Thesys: * thread1 calls callout_lock() and locks the old callout cpu * thread1 performs the checks in the first path of the callout_reset_on() * thread1 hits this codepiece: /* * If the lock must migrate we have to check the state again as * we can't hold both the new and old locks simultaneously. */ if (c->c_cpu != cpu) { c->c_cpu = cpu; CC_UNLOCK(cc); goto retry; }
which means it will drop the lock and 'retry' * thread2 will callout_lock() and locks the new callout cpu. thread1 spins on the new lock and will not keep going for the moment. * thread2 checks that the callout is not pending (as callout is currently running) and that it is not on cc->cc_curr (because cc now refers to the new callout and the callout is running on the old callout cpu) thus it thinks it is done and returns. * thread1 will now acquire the lock and then adds the callout to the new callout cpu queue
That seems an obvious race as callout_stop() falsely reports the callout stopped or worse, callout_drain() falsely returns while the callout is still in use. - Solution1: Fixing this problem would require, in general, to lock both callout cpus at once while switching the c_cpu field and avoid cyclic deadlocks between callout cpus locks. The concept of CPUBLOCK is then introduced (working more or less like the blocked_lock for thread_lock() function) meaning: "in callout_lock(), spin until the c->c_cpu is not different from CPUBLOCK". That way the "original" callout cpu, referred to the above mentioned code snippet, will remain blocked until the lock handover is over critical path will remain covered.

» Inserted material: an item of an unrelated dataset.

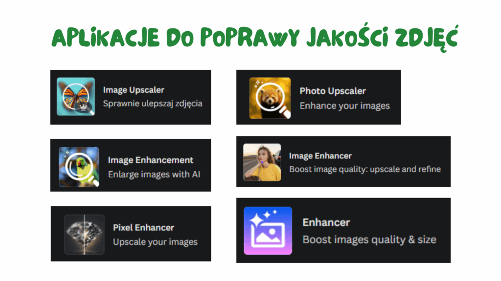 Jeśli pracujesz z obrazami o niskiej rozdzielczości lub chcesz, aby Twoje grafiki wyglądały ostrzej i bardziej profesjonalnie, sięgnij po aplikacje takie jak Image Upscaler, Photo Upscaler, Pixel Enhancer czy Image Enhancement. Dzięki technologii AI potrafią one zwiększyć rozdzielczość, poprawić ostrość i kolory, a nawet odtworzyć brakujące detale. To świetne rozwiązanie, gdy masz tylko małe zdjęcie produktu lub stare zdjęcie do odświeżenia.

- Problem2: Having the callout currently executed on a specific callout cpu and contemporary pending on another callout cpu (as it can happen with current code) breaks, at least, the assumption callout_drain() returns just once the callout cannot be referenced anymore. - Solution2: Callout migration is deferred if the current callout is already under execution. The best place to do that is in softclock() and new members are added to the callout cpu structure in order to specify a pending migration is requested. That is necessary because the callout cannot be trusted (not freed) the 100% of times after the execution of the callout handler. CPUBLOCK will prevent, in the "deferred migration" case, that the callout gets freed in this case, stopping any callout_stop() and callout_drain() possible activity until the migration is actually performed.
- Problem3: There is a further race in callout_drain(). In order to avoid a race between sleepqueue lock and callout cpu spinlock, in _callout_stop_safe(), the callout cpu lock is dropped, the sleepqueue lock is acquired and a new callout cpu lookup is performed. Note that the channel used for locking the sleepqueue is obtained from the "current" callout cpu (&cc->cc_waiting). If the callout migrated in the meanwhile, callout_drain() will end up using the wrong wchan for the sleepqueue (the locked one will be the older, while the new one will not really be locked) leading to a lock leak and a race access to sleepqueue. - Solution3: It is enough to check if a migration happened between the operation of acquiring the sleepqueue lock and the new callout cpu lock and eventually unwind all those and try again.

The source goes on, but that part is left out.